Happily, there is a body of economic research demonstrating that the impact of unauthorized immigration on the United States economy—while nuanced and mixed—is largely positive. This week an economic analysis of the impact of immigrants on the economy during the recession stated:

“Immigration unambiguously improves employment, productivity, and income, but this involves adjustments. These adjustments are more difficult during downturns, suggesting that the United States would benefit from immigration that adjusts to economic conditions.”

This report was the latest in a series of research demonstrating that immigration—and particularly unauthorized immigration—largely complements rather than substitutes native American workers’ skills.

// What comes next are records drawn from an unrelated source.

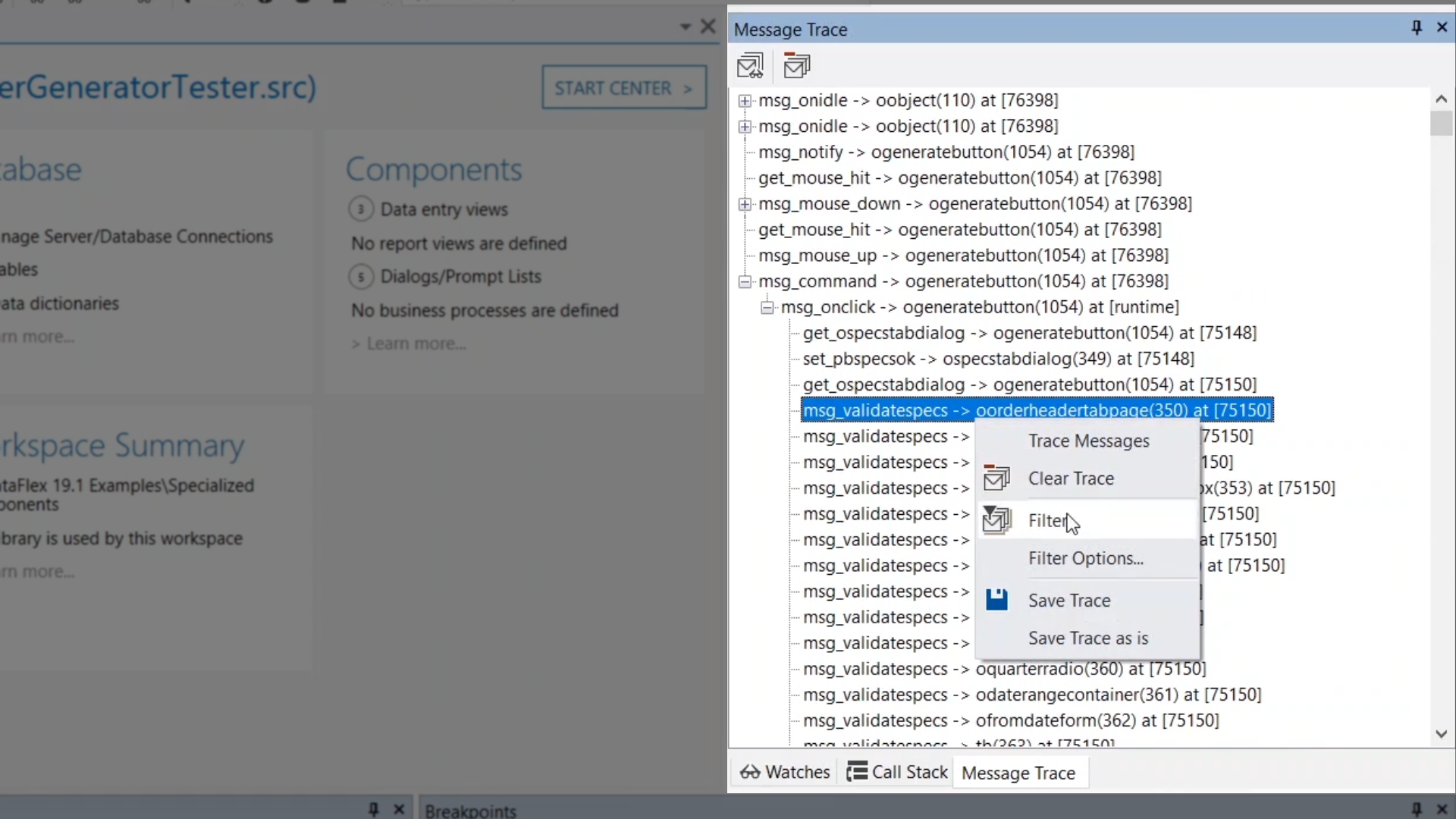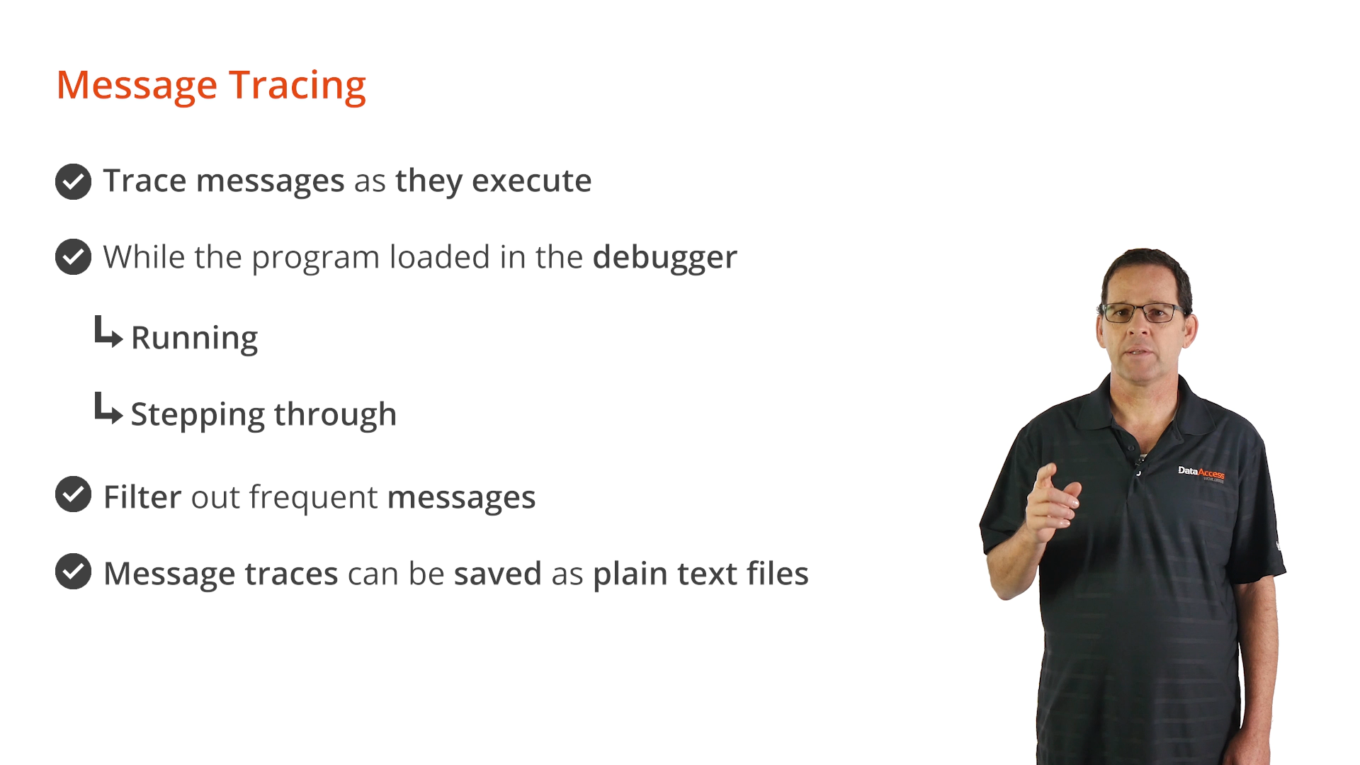 Messages can be traced as a program is executing both while running or being stepped through. Frequent messages can be filtered out to reduce unimportant messages and create a clearer trace. Message traces can be saved as plain text files.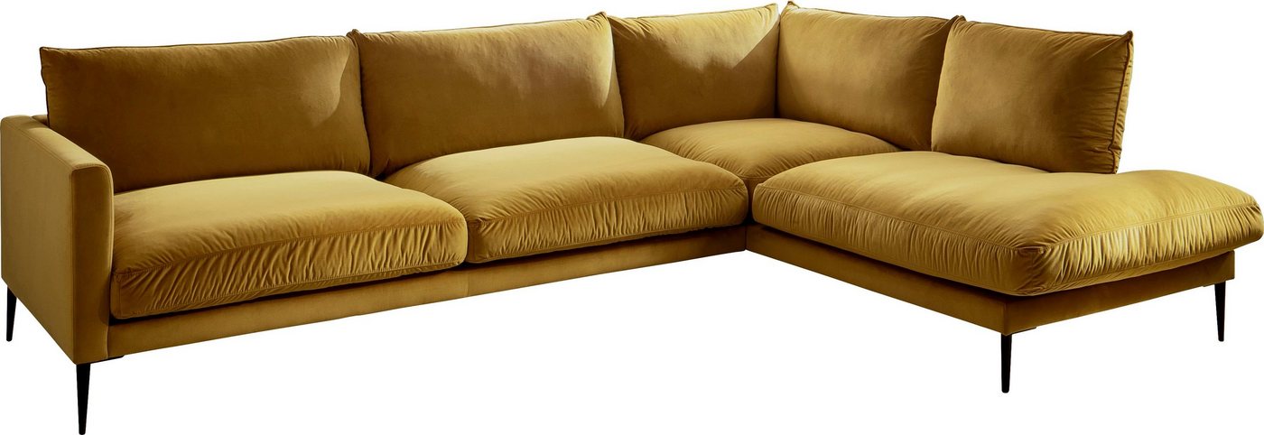 Eleganz gepaart mit Komfort: Dafür steht diese klassische Polsterecke von Trendfabrik im trendigen Design. Optisch besticht sie mit klarer Linienführung und geschmackvollen Metallfüßen. Lieferbar sind bei dieser Couch mehrere Farbvarianten, sodass du nach individuellen Einrichtungsvorlieben auswählen kannst. Gut platzieren lässt sich das Sofa frei im Raum oder kombiniert mit Sessel und Beistelltisch. Das schlichte Design integriert sich harmonisch in jeden Wohnstil, puristisch bis elegant. Für exzellenten Sitzkomfort ist das Ecksofa im Weiteren mit einer Schaumstoffflocken-Füllung und einer Wellenunterfederung ausgestattet. Bietet reichlich Platz für Familie und Freunde: die stilvolle Polsterecke von Trendfabrik mit Metallfüßen.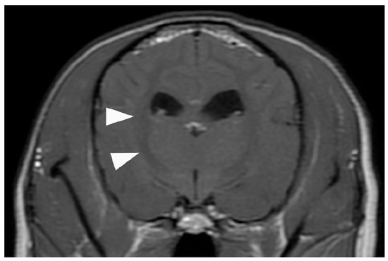 Contrast-enhanced T1-weighted magnetic resonance image of the brain. No common ECMO-related complications suggestive of cerebral herniation due to thrombus, hemorrhage, or edema are observed. However, the white matter exhibits an overall low signal (arrowhead), suspected as brain damage caused by the prolonged hypoxia before ECMO was introduced. ECMO, extracorporeal membrane oxygenation.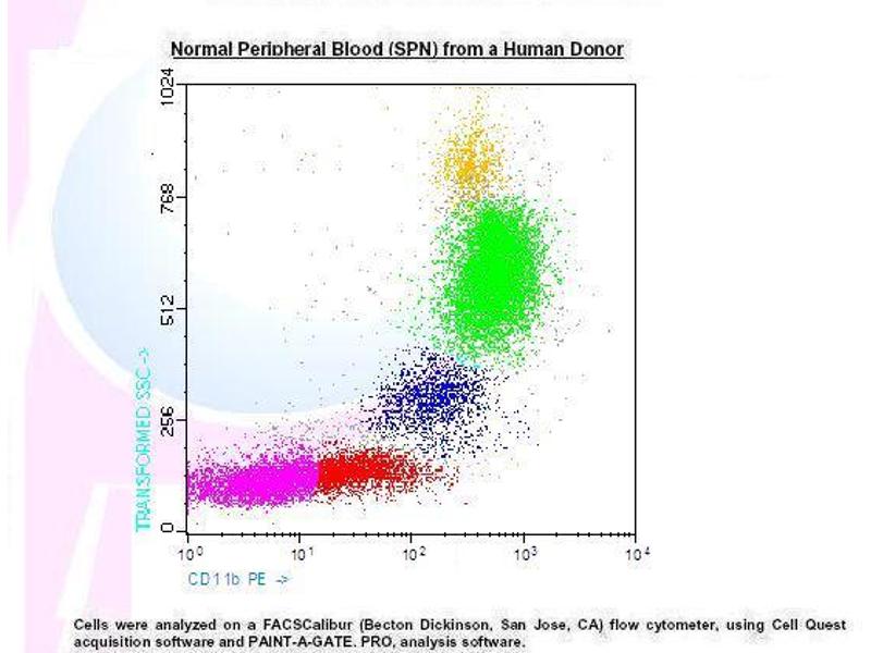 - 1. Transfer 100 µl of anticoagulated (EDTA) blood to a 12 x 75 mm polystyrene test tube (10^6 cells). 2. Add 20 µl of CD11b PE and mix gently with a vortex mixer. The 20 µl is a guideline only, the optimal volume should be determined by the individual laboratory. 3. The recommended negative control is a non-reactive PE-conjugated antibody of the same isotype. 4. Incubate in the dark at room temperature at 4°C for 30 minutes or at room temperature (20-25 °C) for 15 minutes. 5. Add 100 µl of Lysing Solution to each sample and mix gently with a vortex mixer. Incubate for 10 minutes at room temperature in the dark. 6. Centrifuge at 1000 x g for 5 minutes. Gently aspirate the supernatant and discard it leaving approximately 50 µl of fluid. 7. Add 2 ml 0.01 mol/l PBS ( It better that it containing 2% bovine serum albumin) and resuspend the cells by using a vortex mixer. 8. Centrifuge at 1000 x g for 5 minutes. Gently aspirate the supernatant and discard it leaving approximately 50 µl of fluid. 9. Resuspend pellet in an appropriate fluid for flow cytometry, e.g. 0.3 ml PBS. The PBS should contain 1% paraformaldehyde (fixative) if samples are not analysed the same day. 10. Analyse on a flow cytometer or store at 2-8 °C in the dark until analysis. Samples can be run up to 24 hours after lysis. Normal Blood Sample from a Human Donor

So while politicians tout facile analyses linking the nation’s millions of unemployed with the number of unauthorized immigrants, credible economic analysis shows that unauthorized immigration is negligible in terms of “taking away American jobs.” In fact, the consensus among economists is that immigration:

“Can boost the supply of skills different from and complementary to those of natives, increase the supply of low-cost services, contribute to innovation, and create incentives for investment and efficiency gains…There is broad consensus that the long-run impact of immigration on the average income of Americans is small but positive.”

Of course, like everything in life, immigration has costs in addition to benefits. And these costs are borne more heavily by one section of the American labor force whose education level most closely matches that of immigrants: high school dropouts.

The growth of unauthorized immigration is linked to the increasing educational attainment of Americans during the second half of the 20th century. In 1960, half of all American men in the workforce were high school dropouts who filled jobs requiring little formal education. Today less than 10 percent of the workforce is composed of American dropouts.

The increasing education and skills of the American workforce is the foundation for economic growth. But while the percentage of Americans with more formal education and more job-relevant skills has increased, the millions of jobs requiring less than a high school degree—construction, restaurant work, agriculture—are not disappearing.

With less low-skill natives to work in these jobs, they are increasingly filled by unauthorized immigrants who arrive in the United States to meet this labor market gap. So if you work in a restaurant, clean houses, toil in agriculture, or labor on a construction site, you might be competing with unauthorized immigrants.

But Americans’ desire to work long-term in these fields is not strong. Anecdotal evidence shows that when these jobs are available and advertised at pay rates far above the minimum wage—even during almost 10 percent unemployment—they continue to go unfilled by native workers.

Due in part to Americans’ disinterest in these jobs, some research indicates that unauthorized immigrants compete most with other immigrants and the children of immigrants whose skill set—and lack of English-language skills—most closely matches that of recent immigrants.

In spite of the potential for a slight, short-term negative imact, the long-term overall impact of immigration is widely positive, as is stated in another recent report:

“Immigrants are likely to expand the total number of jobs available: because they have different skills from natives; and because local economies respond to a large labor supply by creating jobs…Native workers are thought to respond to immigrants’ arrival by changing positioning in the labor market. This protects them from the potentially adverse effects of a larger labor supply.” 

In any case, for the vast majority of Americans, unauthorized immigration is a complement to the labor force and in fact has a positive impact on job creation.